Personal life and career 
At around the age of 12, he was inspired to rhyme by his friend Jason Phillips (Jadakiss). He and Jason would later form The LOX with Styles P. Mary J. Blige "discovered" the trio, and they would soon be signed to Sean Combs's Bad Boy Records. Their first album, Money, Power & Respect, was released on January 13, 1998.

Sheek and his fellow LOX members later parted ways with Bad Boy Records, and signed a record deal with their management company, Ruff Ryders, after the company formed a record label in the late 1990s. Ruff Ryders was also home to DMX. The group's second album, We Are the Streets, was released on January 25, 2000. Meanwhile, Sheek, an aspiring entrepreneur, began working on their D-Block brand, building a studio, and looking for new talent to join their roster.
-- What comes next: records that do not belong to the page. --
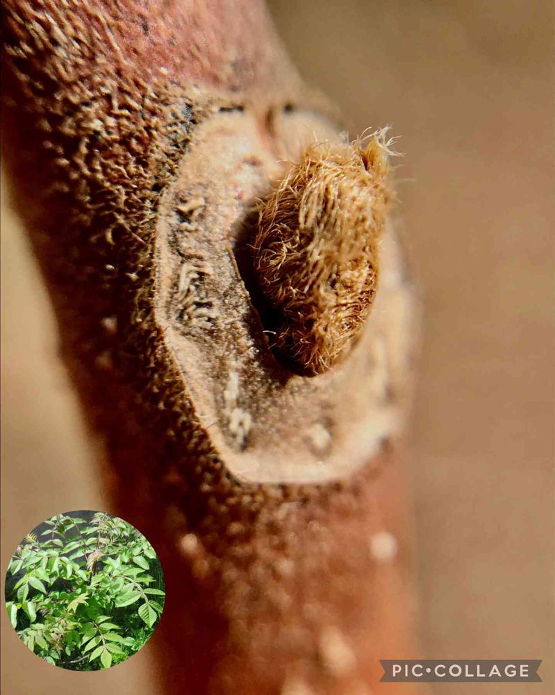 半球形の冬芽があるが、黄褐色の軟毛がみつに生えるため見えない!それを葉痕がぐるりと囲む!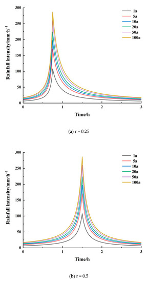 The Chicago rain pattern method is also known as the Keifer and Chu method. The Chicago rain pattern model [20] is derived from the storm intensity equation, and the location of the rain peak (integrated rainfall coefficient r) is determined from statistics of previous years’ rainstorm events. The Chicago rain pattern is applicable to urban areas, and the design rainfall ephemeris of around 3 h is the most accurate. Using the Chicago rain pattern as the design rain pattern for this occasion, the parameters of the storm intensity formula are initially determined. Rain intensity of the rising section (pre-peak) and falling section (post-peak) is then calculated separately using the formulae listed below for certain minute moments, and the instantaneous rainfall process line is finally obtained.
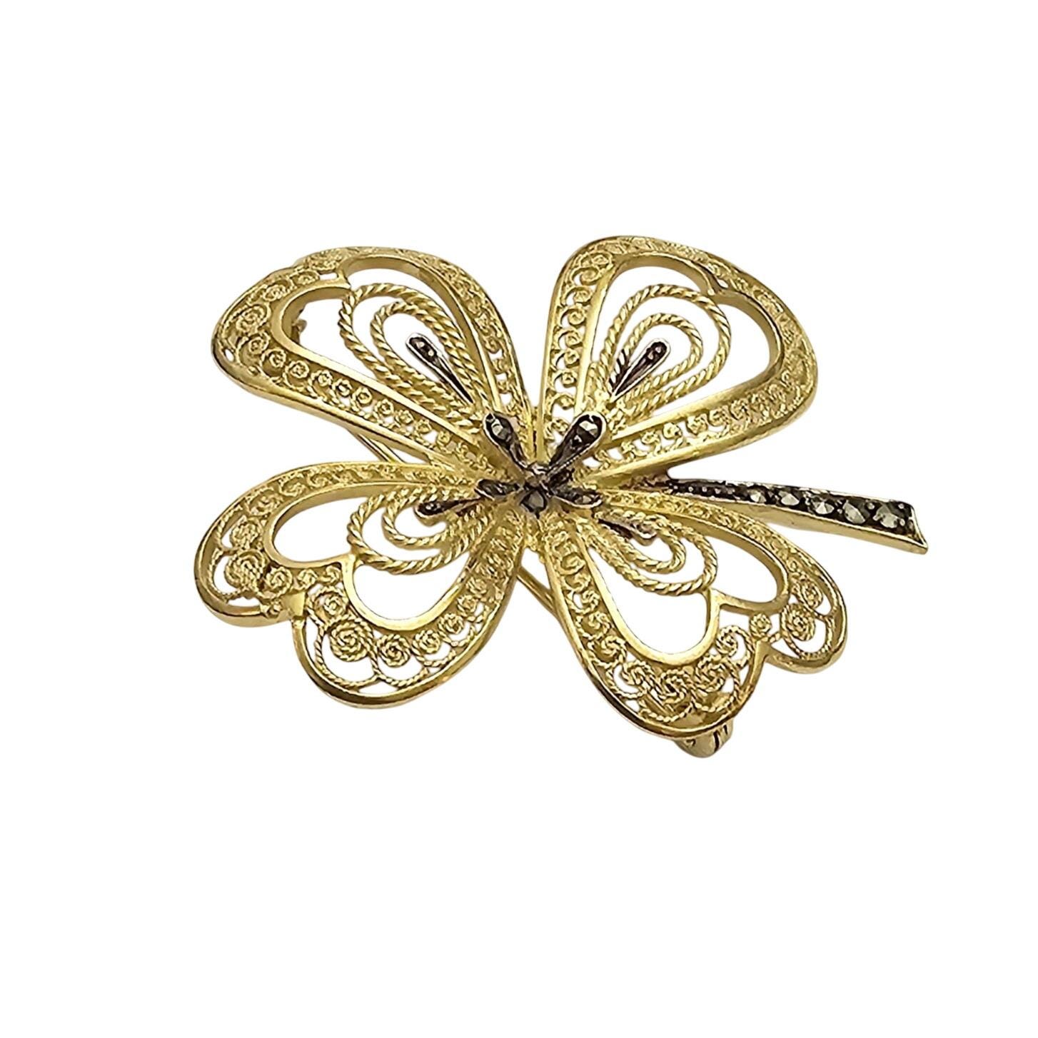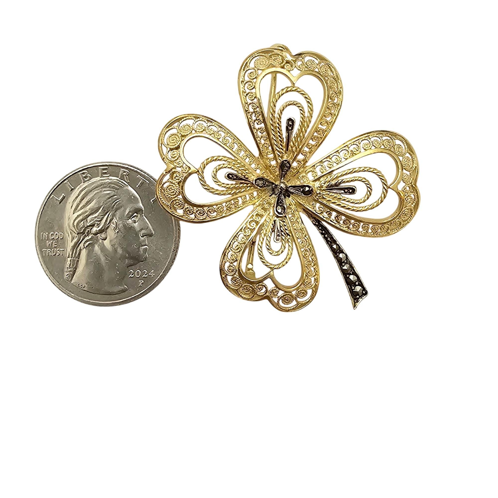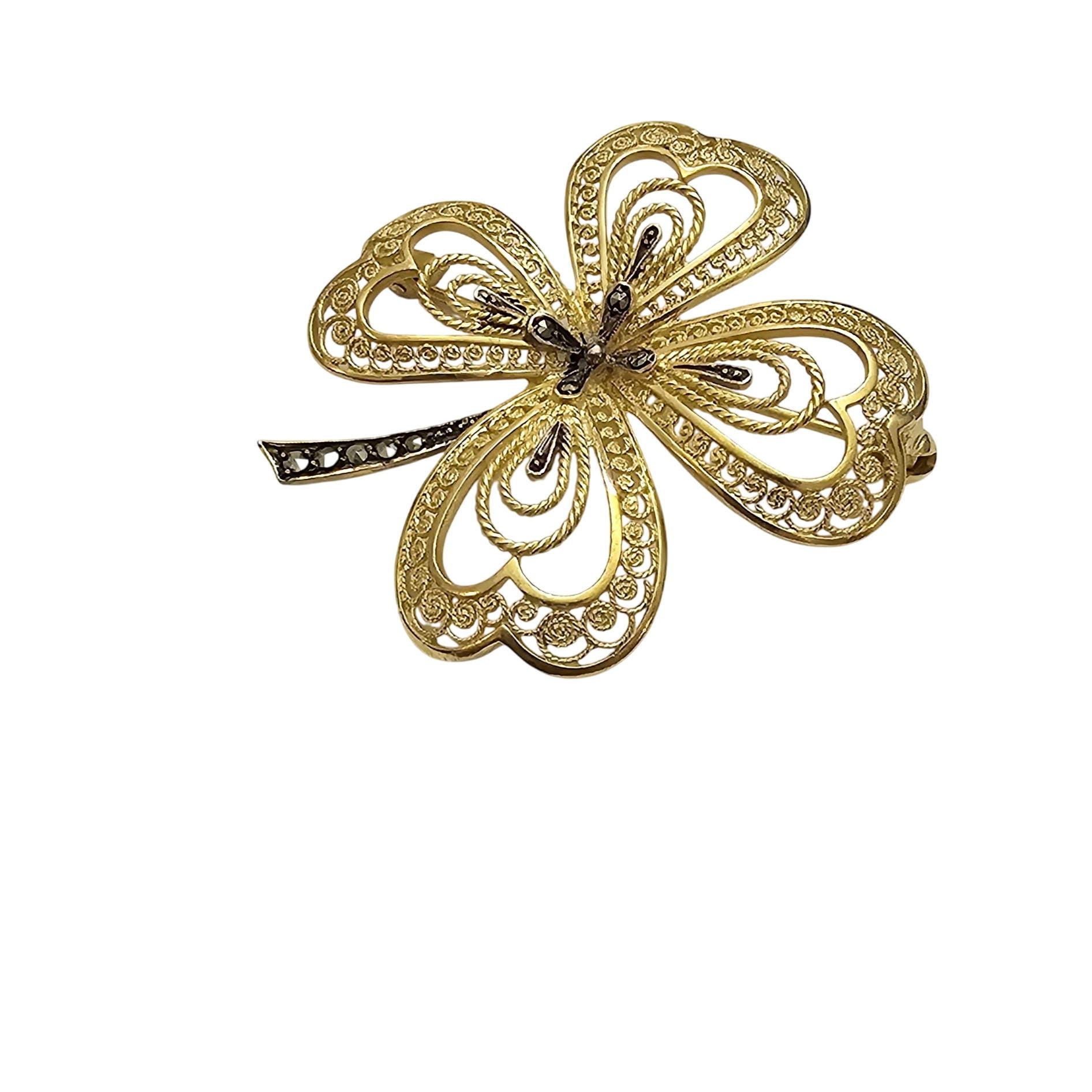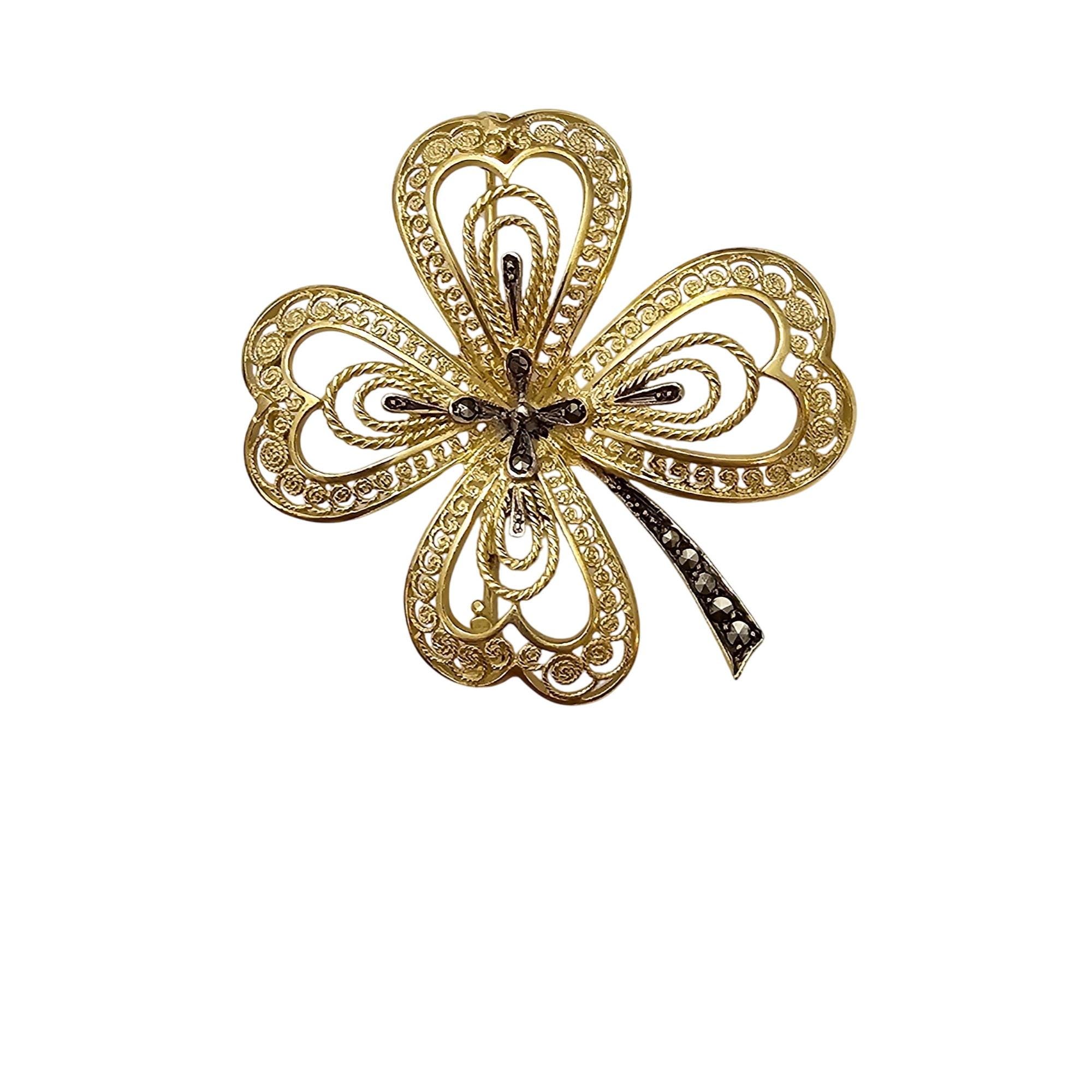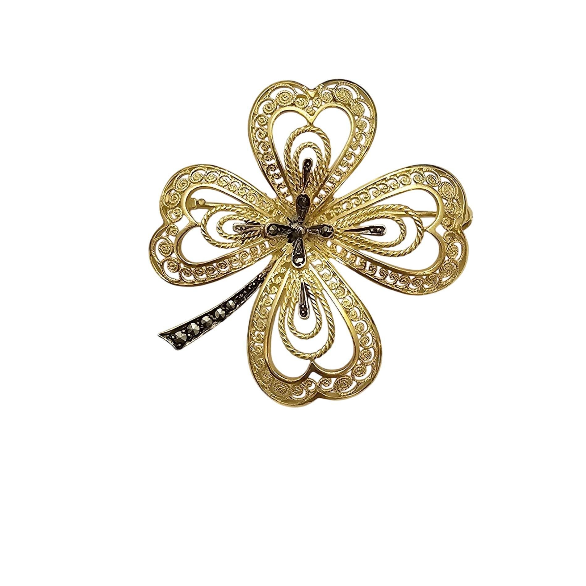 Vermeil Marcasite Clover Brooch, Sterling Germany Marcasite Pin C568

In October 2006 he opened a D-Block car wash and gas station in their hometown of Yonkers, New York.

Sheek released his solo debut Walk Witt Me on Universal Records through D-Block Records. Early promotional material, such as within the liner notes of Styles P's album A Gangster and a Gentleman, indicate that the album's original title was Walk With Me. His fifth album, Silverback Gorilla, released in 2008, featured his hit single, "Good Love", which sampled Betty Wright's "Tonight Is The Night" and "Pure Love" songs.

He was also featured on an episode of World's Wildest Police Videos, which demonstrated his notorious past.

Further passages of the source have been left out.